Welcome, students, to Intergalactic Scholastic's course data for Introduction To Ancient History: 0 - 200 A.D.

When the Great Surge of 4807 destroyed the Historical Annex, nearly all of our pre-holo history was erased in a matter of nanoseconds. All pictorial data was lost, along with our scanned collection of ancient society's "paper books" which have long-since crumbled to powder. Worker drones who scoured the charred remains of the Historical Annex only managed to recover random snippets of text from a corrupted backup of the "Internet", the great grandfather of today's Dataspace.

For three hundred years, Intergalactic Scholastic has worked to decipher these fragments of text and recover the lost chapter of our peoples' story. Having spent centuries studying the pieces of this figurative puzzle, we are confident that the course data you are about to read is an entirely accurate account of mankind's beginnings.

Accompanying the course data are visual aids which may seem alien to the point of being offensive. These are the products of an ancient technique called "drawing", which was widely used to capture moments in time before the invention of photographs, holoscans, and later universe-wide nanomaps. Since all photographs and scans up to the 38th century vanished in the Great Surge, our dedicated staff learned this ancient technique so that we could offer you the most accurate visual representation of this timeframe that we will ever have.

1 A.D. - 10 A.D.

Jesus: The First Human

As we recently discovered through the miracle of modern science, the universe was created when the Non-Universe packed up its things and set off in the hopes of finding a better spot. There at the very beginning, the first human came into existence. His name was Jesus Feliciano, and he was a AA baseball player (a crude version of futureball which involved gravity and screaming).

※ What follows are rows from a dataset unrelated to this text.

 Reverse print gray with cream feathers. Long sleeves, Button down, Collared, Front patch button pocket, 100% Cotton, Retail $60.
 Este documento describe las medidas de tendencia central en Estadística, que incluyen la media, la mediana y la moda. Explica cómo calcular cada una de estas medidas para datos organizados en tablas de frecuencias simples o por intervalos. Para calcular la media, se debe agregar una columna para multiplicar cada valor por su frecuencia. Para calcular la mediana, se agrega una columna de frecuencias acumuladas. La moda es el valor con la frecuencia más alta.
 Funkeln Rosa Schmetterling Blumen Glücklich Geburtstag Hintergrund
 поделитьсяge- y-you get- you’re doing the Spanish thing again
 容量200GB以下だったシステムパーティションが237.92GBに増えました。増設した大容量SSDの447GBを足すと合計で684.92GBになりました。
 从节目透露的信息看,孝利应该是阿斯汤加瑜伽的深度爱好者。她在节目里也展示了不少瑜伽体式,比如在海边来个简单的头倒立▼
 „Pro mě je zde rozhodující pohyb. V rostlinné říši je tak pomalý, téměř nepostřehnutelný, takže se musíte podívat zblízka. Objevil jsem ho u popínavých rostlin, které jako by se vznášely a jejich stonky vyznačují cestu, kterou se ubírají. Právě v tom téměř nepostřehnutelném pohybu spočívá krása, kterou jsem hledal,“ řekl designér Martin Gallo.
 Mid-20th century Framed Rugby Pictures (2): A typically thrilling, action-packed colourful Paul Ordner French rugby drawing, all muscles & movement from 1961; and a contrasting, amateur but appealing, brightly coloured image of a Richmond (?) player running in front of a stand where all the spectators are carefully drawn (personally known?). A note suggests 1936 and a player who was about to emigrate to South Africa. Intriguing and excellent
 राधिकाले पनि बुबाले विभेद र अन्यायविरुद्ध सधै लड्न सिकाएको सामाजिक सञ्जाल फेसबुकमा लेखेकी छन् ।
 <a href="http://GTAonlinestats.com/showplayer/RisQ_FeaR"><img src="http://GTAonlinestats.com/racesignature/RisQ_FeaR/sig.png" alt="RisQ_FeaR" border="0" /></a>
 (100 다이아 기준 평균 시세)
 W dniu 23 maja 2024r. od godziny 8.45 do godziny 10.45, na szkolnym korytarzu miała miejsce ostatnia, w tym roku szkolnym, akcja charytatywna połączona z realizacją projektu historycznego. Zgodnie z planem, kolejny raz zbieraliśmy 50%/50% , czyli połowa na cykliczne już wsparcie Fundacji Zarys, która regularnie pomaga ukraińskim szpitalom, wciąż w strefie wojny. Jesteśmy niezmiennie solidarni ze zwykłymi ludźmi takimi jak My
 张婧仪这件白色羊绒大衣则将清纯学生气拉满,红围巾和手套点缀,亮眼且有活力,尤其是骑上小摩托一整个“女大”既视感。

How did an entire race spawn from one man? Historians generally agree that it happened when Jesus slid head-first into home plate in the ninth inning of a game against the Appleton Papermakers in 10 A.D. The feat of spontaneously creating numerous offspring through a physical act that didn't involve a woman was made even more impressive by the fact that he began his slide in the dugout. Without a running start.

Jesus died during the act as he knew he would, sacrificing himself for mankind. This noble gesture instilled a general feeling of guilt among early humans and led to the creation of the phrase "suicide squeeze".